Почему это всегда был я?
Что во мне делает меня такой чертовски нелюбимой? Такой доверчивой?
Мой любимый цвет.
Желтый.
Мой любимый вкус мороженого.
Мятное с шоколадной крошкой.
Ты — свет для моей тьмы, Солнышко. Без тебя я потерян.
Все. Это. Ложь.
Каждый поцелуй, каждое слово, каждая секунда, которыми я дорожила… испорчены.
Мои глаза горели жидким огнем. Я не могла дышать. Все болело — и снаружи, и внутри, и я рыдала ужасными, жалкими, раздирающими душу слезами.
Майкл солгал мне. Алекс лгал мне. Не в течение нескольких дней, недель или месяцев, а в течение многих лет.
Что-то внутри меня сломалось, и я плакала уже не только о своем разбитом сердце, но и о той девушке, которой я была раньше — той, которая верила в свет, любовь и доброту мира.
Этой девушки больше нет.
Глава 37
Алекс
Я смотрел, как Ава уходит, и в моей груди было пусто, глаза горели от чужих, сдерживаемых эмоций.
Я хотел побежать за ней и вырвать ее из объятий Бриджит. Упасть на колени и просить у нее прощения за непростительное. Держать ее рядом с собой до конца наших дней, чтобы никто и ничто не могло причинить ей боль снова.

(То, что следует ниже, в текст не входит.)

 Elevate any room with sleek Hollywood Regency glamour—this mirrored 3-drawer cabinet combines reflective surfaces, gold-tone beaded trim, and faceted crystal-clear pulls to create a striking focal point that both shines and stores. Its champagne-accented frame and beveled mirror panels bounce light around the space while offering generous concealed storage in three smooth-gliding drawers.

Только я не мог, потому что это я причинил ей боль. Я был тем, кто лгал и манипулировал. Это я подверг ее опасности своей жаждой мести и извращенными планами против дяди.
Единственным способом защитить Аву было отпустить ее, даже если это означало уничтожить себя.

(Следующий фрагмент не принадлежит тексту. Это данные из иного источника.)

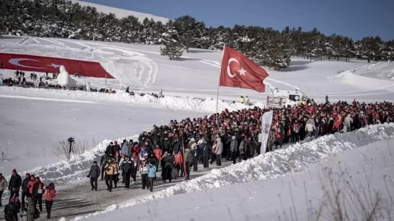 Kent merkeziyle Sarıkamış ilçesinden otobüslerle zirveye ulaşan katılımcılar, Türk bayraklarıyla yürüyerek toplanma alanına geldi. Vatandaşlar, Kızılçubuk bölgesinde şehitler anısına yapılan kardan heykellerin önünde fotoğraf çektirdi.
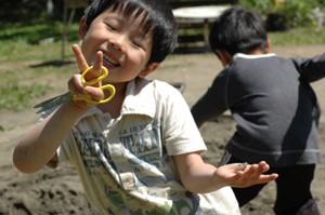 山菜の宝庫でもある園庭で今夜のおかずにフキをいただく。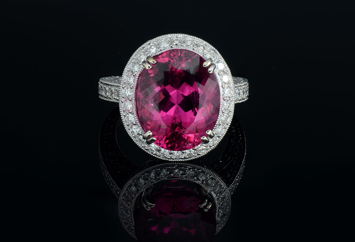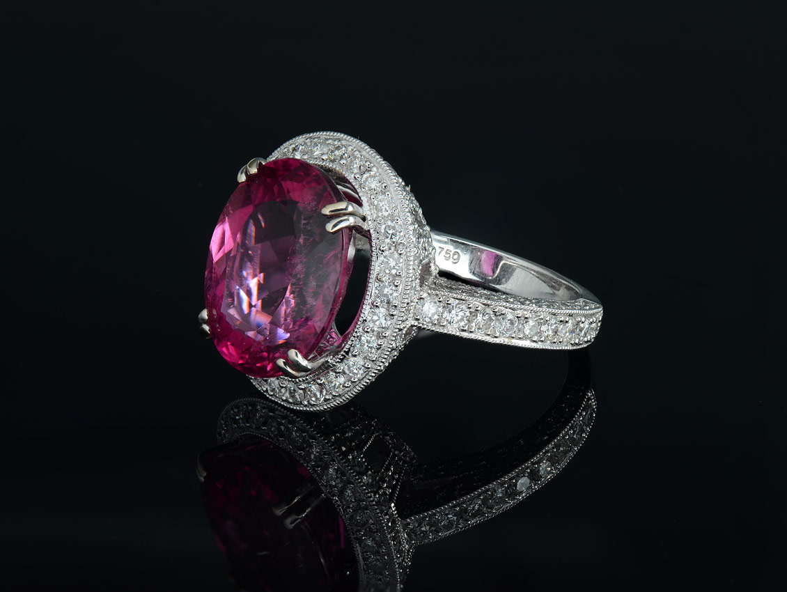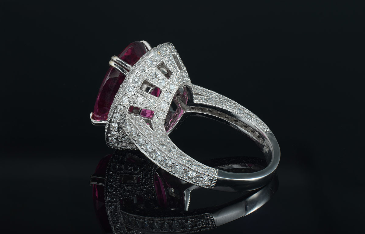 9.62 CT RUBELLITE TOURMALINE RING WITH DIAMONDS: 18K white gold ring centering a gorgeous 9.62 Ct oval mixed cut rubellite of VVS clarity, strP hue, and 4 saturation. The mounting is micro bead set with 198 round brilliant diamonds totaling approx. 2.53 Ct, VS clarity and G-H color. Size 6.75. Weight 11.2 grams. Sold with current Atlanta Gemological GIA graduates appraisal for $18,450.

Машина, увозившая Аву обратно в Мэриленд и подальше от меня, исчезла из виду, и я с содроганием вздохнул, пытаясь разобраться в боли, когтями впивающейся в мои внутренности. Было ощущение, что кто-то вырывает куски моего сердца и души и перемалывает их под ногами. Я никогда не чувствовал так остро, так сильно.
Я ненавидел это. Я жаждал ледяного безразличия оцепенения, но боялся, что это мое наказание — гореть в пламени само причиненной агонии до конца вечности.

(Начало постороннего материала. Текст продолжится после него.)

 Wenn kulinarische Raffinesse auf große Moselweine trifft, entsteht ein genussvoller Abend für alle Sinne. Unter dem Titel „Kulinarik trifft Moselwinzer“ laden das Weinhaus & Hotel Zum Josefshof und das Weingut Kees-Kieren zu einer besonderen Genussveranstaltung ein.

Мой личный живой ад. Мое собственное ходячее проклятие.
— Алекс. — Глава моей команды из Филадельфии подошел ко мне, его движения были резкими и точными. На нем была форма филадельфийской полиции, значок сверкал в полуденном свете, но он не был представителем закона. — Дом готов.
— Хорошо. — Я заметил, что Рокко уставился на меня со странным выражением. — Что? — огрызнулась я.
— Ничего. — Он прочистил горло. — Ты просто выглядишь так, будто собираешься… неважно.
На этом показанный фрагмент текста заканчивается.